"Where did all this stuff some from?" -This is a question I often ask myself.
Another is, "Why are we keeping these things?"
We have *so* much more than we need, and this bothers me. We are not big consumers. I would even call our family anti-consumeristic. But, we still have lots of *stuff*, truly unecessary stuff.
I de-clutter *a lot*. Always a big bag waiting in the laundry room to be donated. And still too much.
I find that tidying stuff, keeps me from actually cleaning. It seems that, by the time I am done tidying in order to then clean, my time is all eaten up. I want time for tidy and clean.
I am by nature, orderly. I've discovered, a person can be orderly with much and orderly with little. It seems to me it would be less time consuming to be orderly with little. This would free up time. A precious commodity for all of us. Precious time with Jesus, my children, my husband, my friends & family.
My perfect home would have blank spaces ~ breathing room. Cupboards that are tidy but not full, drawers that are neatly arranged but not full, a few blank walls, everything in its place.
Ah ~ BLISS.
Room to breath, room to imagine, room to grow.
I came across this excerpt from an essay entitled Stuff, by Paul Graham.
"I have too much stuff. Most people in America do. In fact, the poorer people are, the more stuff they seem to have. Hardly anyone is so poor that they can’t afford a front yard full of old cars.
It wasn’t always this way. Stuff used to be rare and valuable. You can still see evidence of that if you look for it. For example, in my house in Cambridge, which was built in 1876, the bedrooms don’t have closets. In those days people’s stuff fit in a chest of drawers. Even as recently as a few decades ago there was a lot less stuff. When I look back at photos from the 1970s, I’m surprised how empty houses look. As a kid I had what I thought was a huge fleet of toy cars, but they’d be dwarfed by the number of toys my nephews have. All together my Matchboxes and Corgis took up about a third of the surface of my bed. In my nephews’ rooms the bed is the only clear space. Stuff has gotten a lot cheaper, but our attitudes toward it haven’t changed correspondingly. We overvalue stuff."

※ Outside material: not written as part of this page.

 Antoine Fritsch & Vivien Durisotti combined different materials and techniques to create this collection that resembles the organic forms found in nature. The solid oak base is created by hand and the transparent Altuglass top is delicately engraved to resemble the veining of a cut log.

If you go to Paul Graham's whole essay, it is such a good read. So much of it rings true of me, the eternal treasure hunter and bargain shopper.

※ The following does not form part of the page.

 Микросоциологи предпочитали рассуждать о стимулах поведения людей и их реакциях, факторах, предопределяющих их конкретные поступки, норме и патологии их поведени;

Have we become numb to our over-abundant lifestyles. Has this way of life crept in and taken over. I say time and time again, "I do not remember having this much stuff growing up." Talking, of course, about the mounds of children's toys at my house. (Even after down-sizing my kids have way more than we ever had, I think my kids still have too much).

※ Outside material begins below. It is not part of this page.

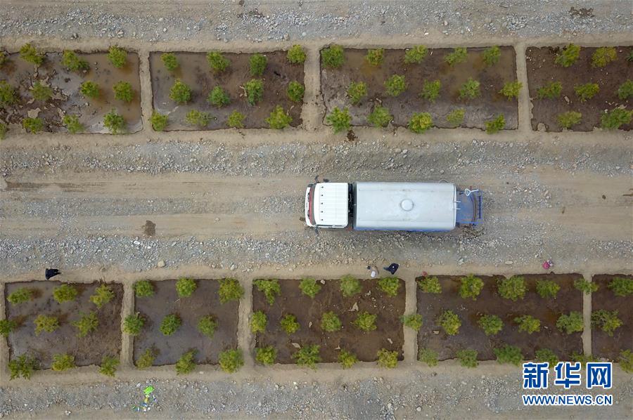 这是在张掖市甘州区拍摄的黑河生态带新栽植苗木(4月11日无人机拍摄)。2018年以来,甘肃省张掖市抓住祁连山国家公园体制试点机遇,全面启动实施总规模200万亩的“一园三带”造林绿化示范建设工程,该工程计划利用三年时间,完成祁连山国家公园生态修复150万亩、黑河生态带20万亩、交通大林带20万亩、城市绿化带10万亩。 新华社记者 范培珅 摄

"Things" are too easily accessible. If we want more, we can have it, and cheaply I might add. It is very easy to attain too much in today's times. It is hard to resist the temptation to have things just because we can.
It takes courage to let go of things. It also takes faith. Faith in our Lord God, that he will provide for our needs.
It's hard to rationalize getting rid of something that you may need some day. Is keeping it being a good steward or is keeping it not trusting God? This is a question I grapple with often. I am still grappling, as I still have a cupboards full of stuff I am keeping just in case.
I am not a wasteful person, this adds to my indecision. If we have spent money unwisely on something, and really don't use it, do we keep it? Should we give this unused item away or sell it, and learn a lesson in unwise spending?
I am thinking that all of these unanswered questions of mine are the reason we have too much stuff. We haven't learned the answers to our questions yet.
I am pretty sure I know where it all comes from , we bring it in. It is not reproducing under the beds, although this is a pretty good theory :~)
And now after this lengthy internal dialogue, I am pretty sure that I know why we keep it. We are torn. We are sentimental. We are undecided. We don't know where to begin.
I think the answer for me begin with not bringing in anymore stuff in that we do not *need*. I have a healthy grasp on what a real need is, so I won't be trying to convince myself that I *need* one more vintage mixing bowl :~)
My plan is that when we have a handle on this, I can then begin to weed through our stuff and decide what we really use.
Ahhhhhh, I feel so much better. A plan.
For me, to be freed from excessive possessions means, a clearer more open path to relationship with our Lord, more time for my family and friends, and an uncluttered mind, body, and soul.
When I have fewer *things* to care for, I have more time for the most important calling of my life, to be a servant of the King, a wife and mama to my family, and to be a light to my friends.
Thank you for bearing with me as I muddle through the *clutter* in my head. I appreciate you all, and you are a blessing to me.